COV003 is a single-blinded, multi-center, randomized, controlled Phase III trial assessing the safety, efficacy, and immunogenicity of AZD1222 in 10,300 participants in Brazil. Trial participants to date are aged 18 years or over, who are healthy or have medically stable chronic diseases and are at increased risk for being exposed to the SARS-CoV-2 virus. Participants are randomized to receive two intramuscular doses of a full dose (~5x1010 viral particles) of AZD1222 or comparator, meningococcal vaccine MenACWY as first dose and a saline placebo as second dose. Participants have blood samples drawn and clinical assessments for safety as well as immunogenicity at multiple timepoints up to one-year post-vaccination. Suspected cases presenting with compatible symptoms were tested for virological confirmation by COVID-19 PCR.

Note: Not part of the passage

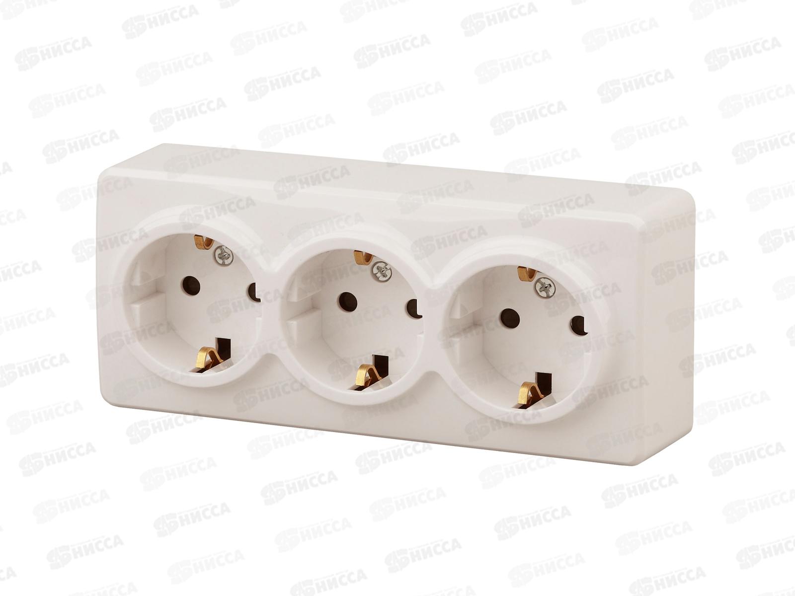 Розетка Эра открытой установки ,3*2P+Е Schuko со шторками,16А-250В белый, 11-2209-01 *6

AZD1222 was co-invented by the University of Oxford and its spin-out company, Vaccitech. It uses a replication-deficient chimpanzee viral vector based on a weakened version of a common cold virus (adenovirus) that causes infections in chimpanzees and contains the genetic material of the SARS-CoV-2 virus spike protein. After vaccination, the surface spike protein is produced, priming the immune system to attack the SARS-CoV-2 virus if it later infects the body.